All of this is in contrast to the present invention, wherein: there is no plunger to take up space; there are no or few electrical cords; the internal circuitry consists of a prefab, flexible, printed circuit which is relatively easy and inexpensive to assemble into the housing; the device is much less likely to be left on unintentionally and even if it is, it would only continue at a relatively low voltage until the batteries drained, thus it is safer; relatively little power is consumed; and the applicator is suitable for flowable products, without leaking.
The main object of the present invention is to provide an improved heated, integral applicator for flowable cosmetic and dermatologic products.
Another object of the present invention is to provide an integral heating applicator that is safer to use and that has more reliable electronics than the prior art.
Another object is to provide an integral heating applicator that is more convenient to use, portable and less bulky.
Another object is to provide an integral heating applicator that is simpler to manufacture and assemble.
Another object is to provide an integral heating applicator that is sleek, having a small profile suitable for the cosmetics and personal care industry.

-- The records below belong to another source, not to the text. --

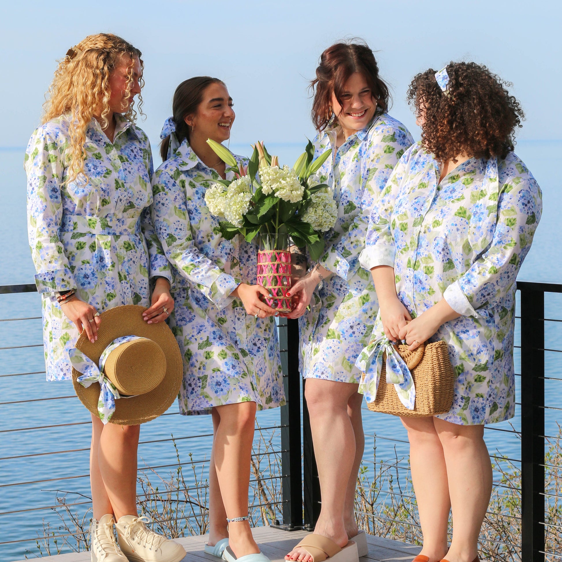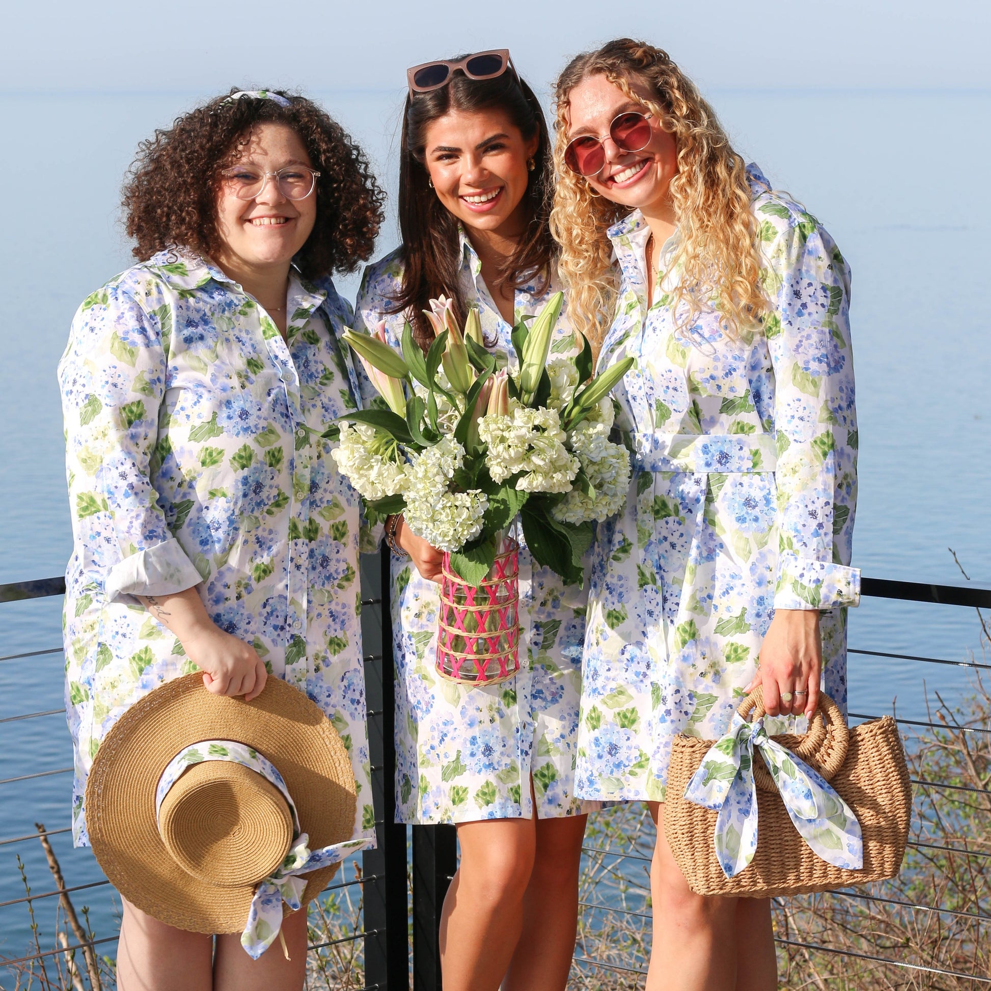 This is Shaef's newest release from Hey Friends The Label. This shirt dress is proudly made in the USA. This collared shirt dress fits true to size, Shaef wears the small. This dress features organic cotton and has pockets. This hydrangea fabric is beyond dreamy. You will be reaching for this dress in your closet all summer long.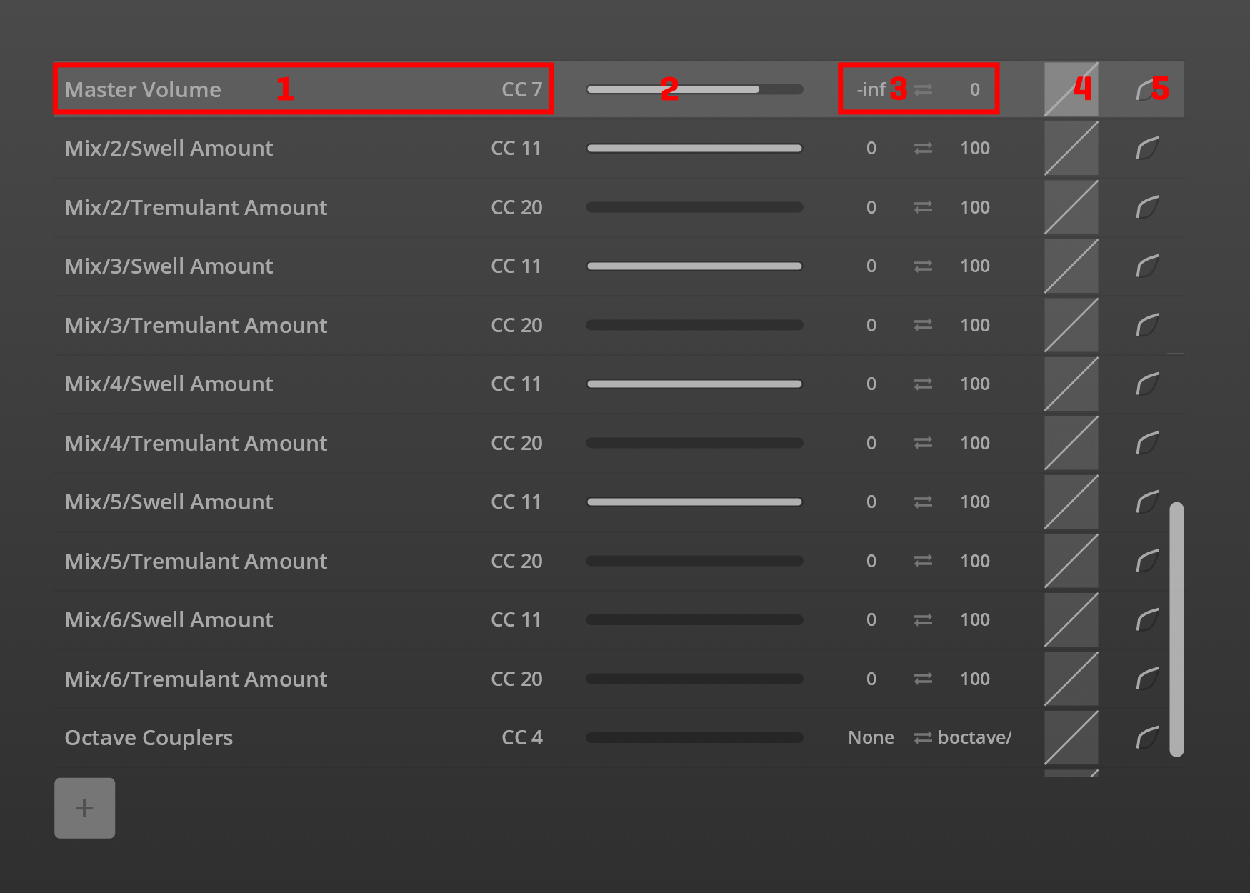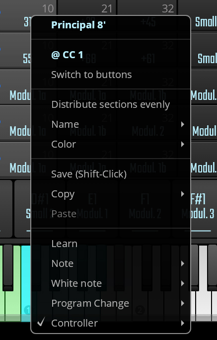 Die Verwendung von MIDI CCs ist z.B. hilfreich bei einem Crescendo-Aufbau, mit dem mittels eines einzelnen Controllers wie dem Modwheel anstatt verschiedenen Tasten Pfeifen hinzugefügt oder weggenommen werden können. Keyswitches hingegen sind besser für abrupte Kombinationswechsel geeignet.Name ermöglicht die Angabe eines vollen Namens sowie einer Abkürzung für die Kombination.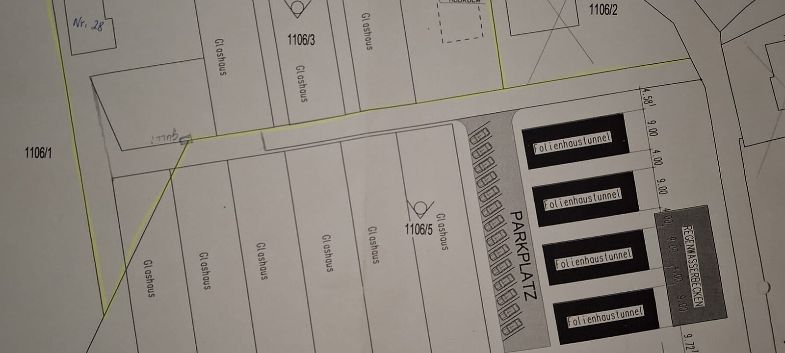 Wir haben am 1,5ha großen Betriebs-Standort einen Eigengrundanteil von ca. 5 TS m2 ( 1106/3 + 1106/4 ) und zusätzlich eine Pachtfläche von 10 TS m2 ( 1105/5 ) welche Grundbücherlich bis 2042 abgesichert , und darüber hinaus auch weiter verlängerbar ist ! Auf diesen beiden Flächen steht eine Gärtnerei für Direktvermarktung und Produktion mit ca. 6.800m verbauter Gewächshausfläche zur für Blumen und Pflanzen, sowie Gemüse & Kräuter. Zusätzlich existiert eine Arbeits & Lagerhalle samt Regallager und ein frostfreier Standplatz für die 2 Firmen-LKW.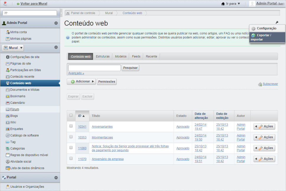 Para disponibilizar um site no menu superior do Portal Corporativo, e necessário disponibilizar páginas nele. Para isto, acesse Painel de Controle > Portal > Sites: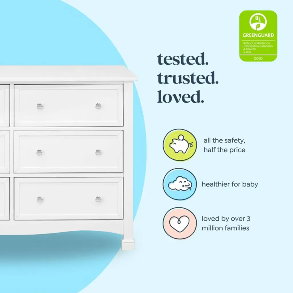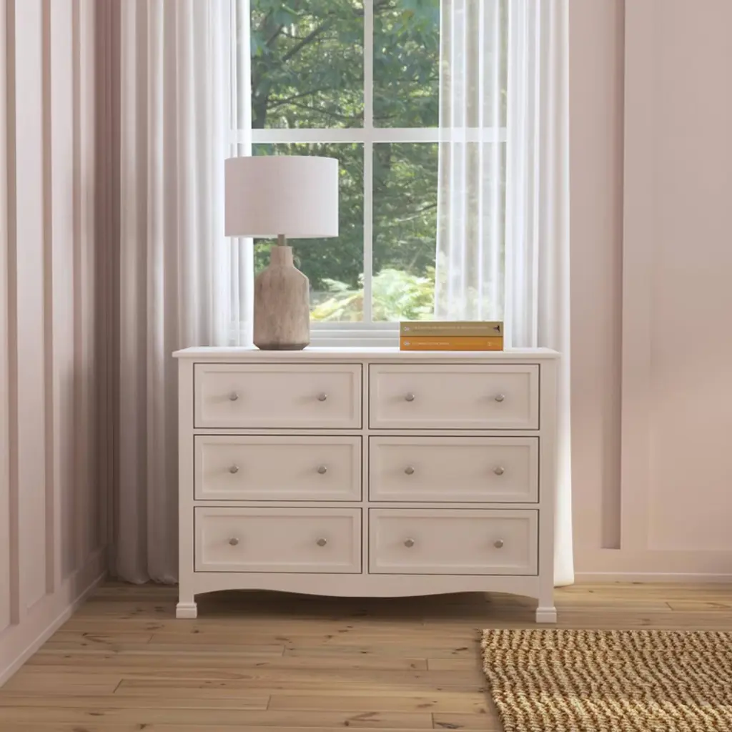 The Kalani 6-Drawer Dresser is the smart changing and storage solution for the classic Kalani, Emily and Fiona nursery collections. Six spacious drawers provide ample storage to organize all of baby’s necessities, while its thoughtful design ensures a style fit for any nursery or bedroom. The Kalani Double Dresser is detailed with recessed front drawer panels, a gently curved apron front and curved top sides.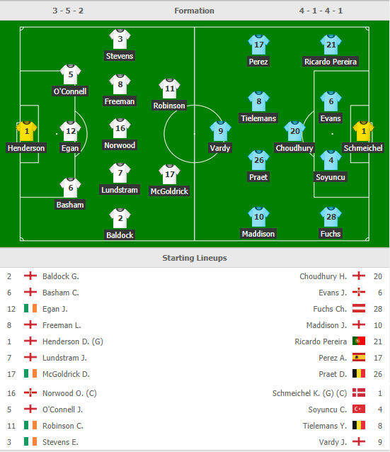 "Bầy cáo" vẫn có những nhân tố chất lượng như Vardy, Maddison hay Tielemans trong đội hình. Nhìn qua thì Sheffield Utd đá với 3 hậu vệ nhưng thực chất là 5 khi 2 tiền vệ cánh của họ vốn dĩ là những hậu vệ được dâng cao hỗ trợ cho tuyến trên. Cả 2 đội đều cho thấy sự thận trọng ở 2 vòng vừa qua và với việc tỷ lệ không có bước đột phá như vậy thì cửa xỉu tỏ ra sáng nước.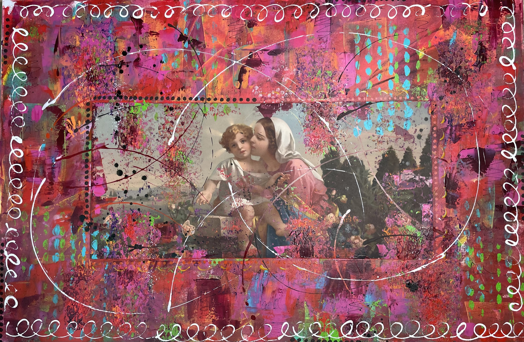 Umarmig, Collage und Acryl, 120 x 100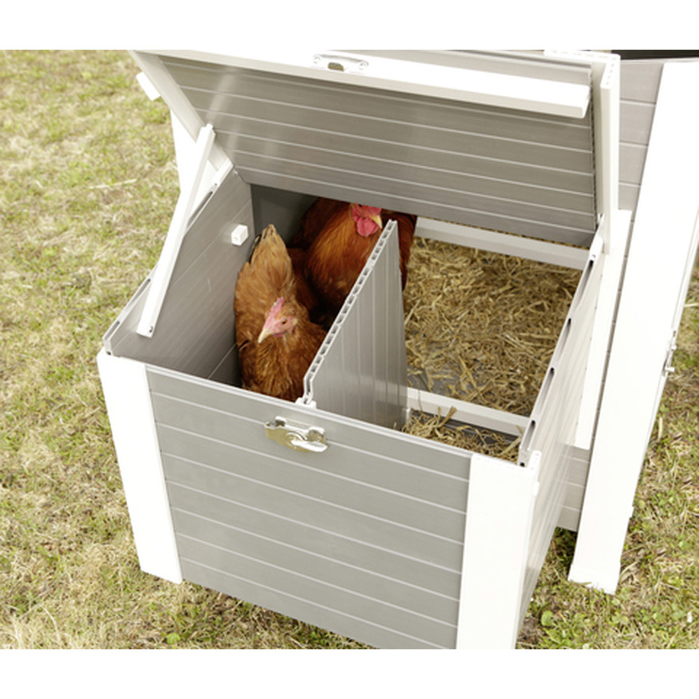 Weitere Vorteile: 2 Türen getrennt zu öffnen, inkl. 2 Legenestern und zwei Sitzstangen, mit Schiebefenster für variable Luftzirkulation, verlängerte Füße für bessere Bodenbelüftung, aufklappbares Dach mit Fixierung, Lieferung erfolgt zerlegt im Karton, inkl. Aufbauanleitung, einfach Montage durch vorgebohrte Löcher und Gewinde.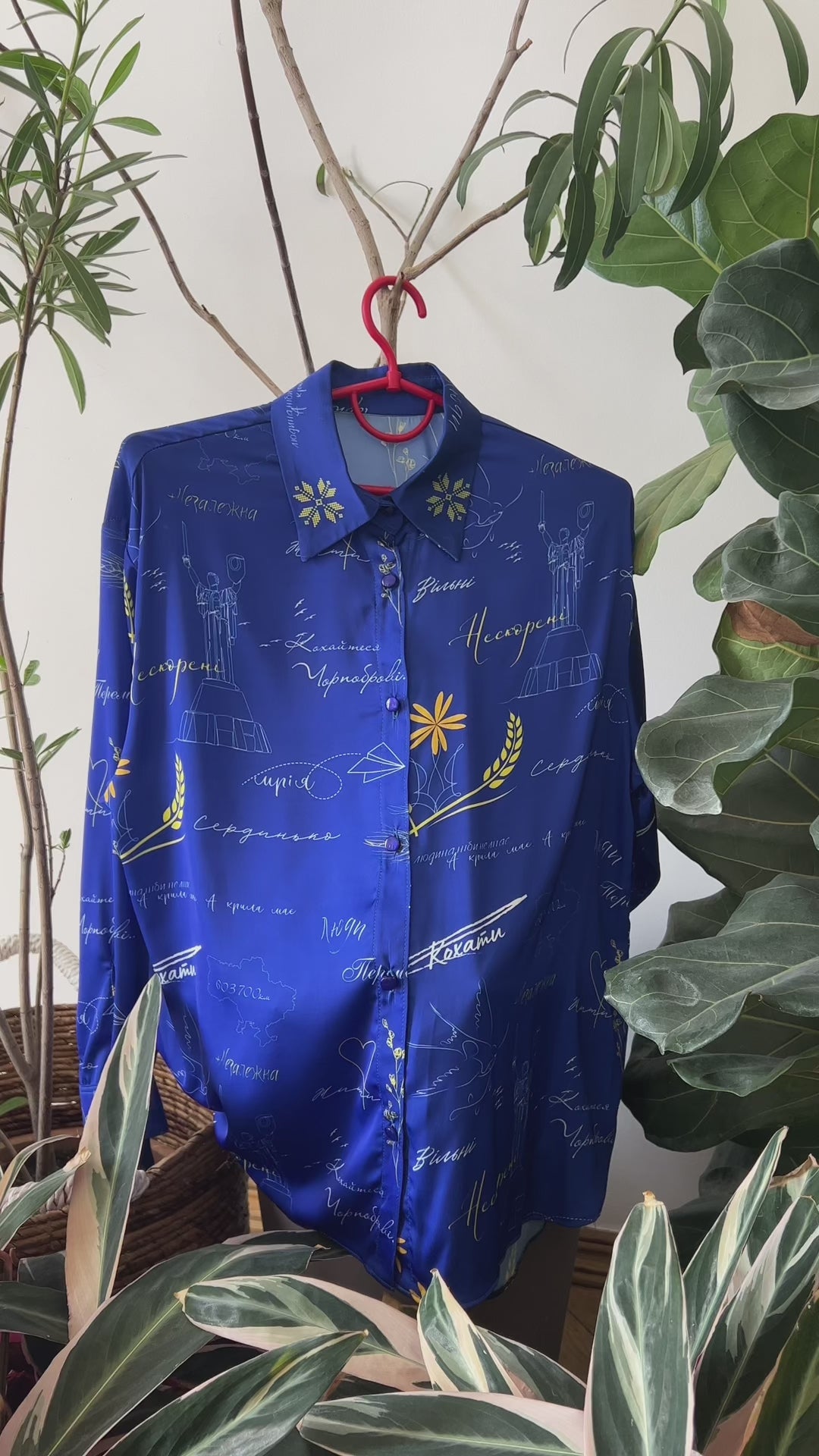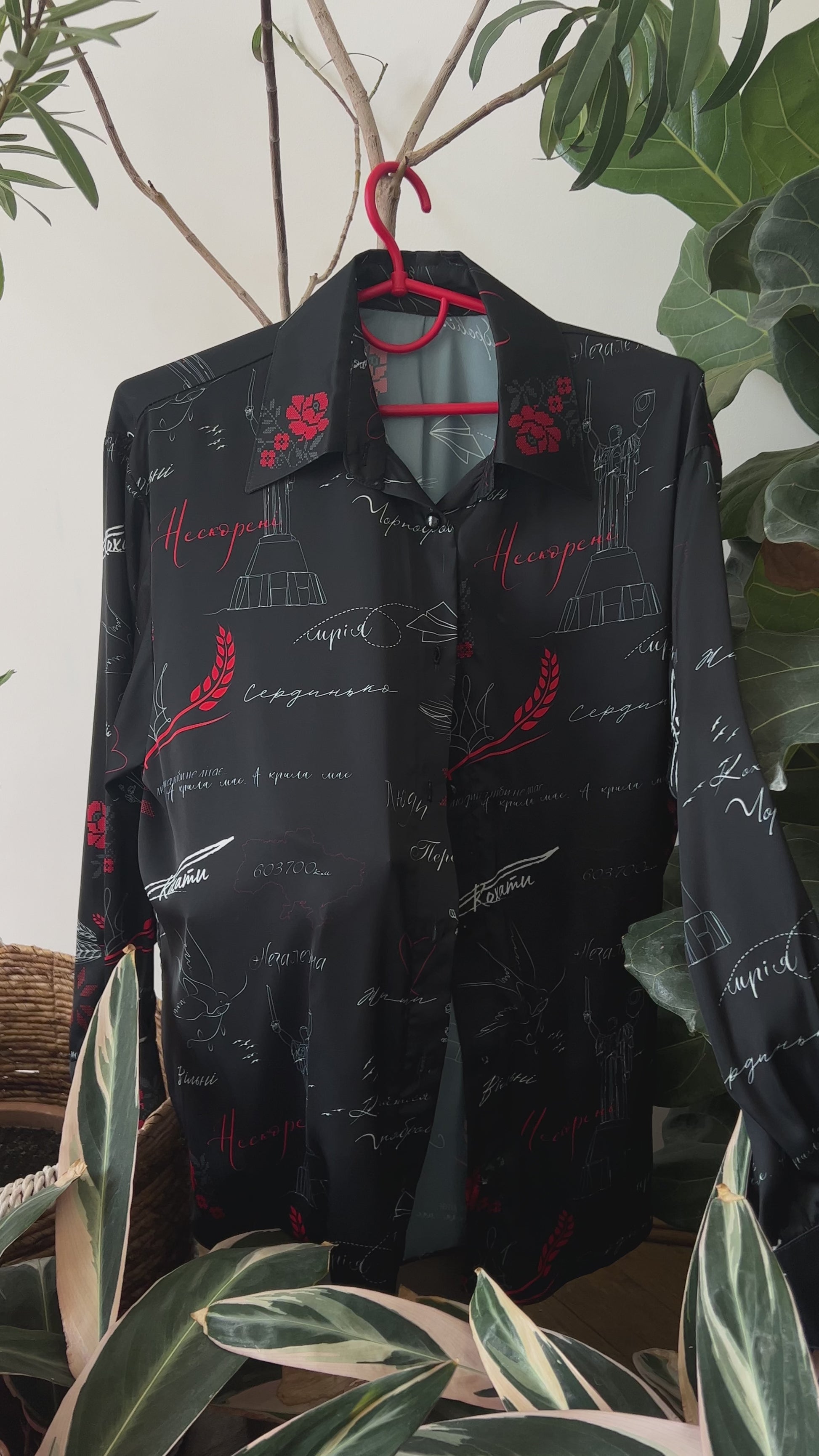 Ця сорочка - більше, ніж просто частина гардеробу. Це історія, зашифрована в кожній лінії. Чорна база підкреслює стриману елегантність, а авторський принт із рукописними фразами, колосками та тонкою вишивкою створює глибину. Тут стильна графіка переплітається з українськими культурними кодами, а класичний крій - з виразною свободою самовираження.

All of the foregoing and more are achieved with a cosmetic applicator that is integral with a product reservoir, the applicator having an elongated body that defines a reservoir that houses a cosmetic or dermatologic product for dispensing. A flow passage exists that extends from the reservoir to an exit structure, where product emerges from the dispensing device for transferring to the user's body. Means exist for urging product from the reservoir into the flow passage and out the exit structure. These means are controllable by the user. A compact, space-saving electronic heating means that is capable of connecting to a low voltage battery power source is located in or immediately adjacent to the exit structure. The heating means is situated so that product is heated only as it is about to exit the applicator, while product in the reservoir is not substantially heated. Preferably, the applicator incorporates flexile heater technology, but the full benefits of the present invention are only realized by the use of a modular, printed electronic circuit subassembly, which is compact and which is turned on and off by the removal and replacement of a closure. The closure also opens and closes the applicator orifice to control the flow of product. Electrical connections capable of transmitting low voltage electrical energy are provided in electrical contact with the heating element, power source and on-off means. The present invention is useful for applying cosmetic and dermatologic treatment products of all types, including products to treat skin, hair and nails. Suitable skin treatment products include those effective on the surface of the skin and those effective at deeper layers of the skin. These and other aspects of the invention will be discussed herein.
Throughout this specification, the terms “comprise”, “comprises”, “comprising”, “have”, “has” and “having” and the like shall consistently mean that a collection of objects is not limited to those objects specifically recited.
Throughout this specification “readily flowable” means that, if allowed, a product will flow in response to its own weight.
Throughout this specification “effectively heating a product” means that the heating element housed in the applicator is sufficient, by itself, to impart to a product or a user, a full intended benefit or effect, secondary heating means not being needed. An example of an intended effect is to alter the temperature of a portion of product from a starting temperature to within a range of target temperatures.
Throughout this specification “activate a product” or the like means that heating a portion of product alters the portion of product to exhibit behavior that it did not exhibit just prior to being heated. “Activate a product” also means to alter (either enhancing or diminishing) one or more properties of the unheated product.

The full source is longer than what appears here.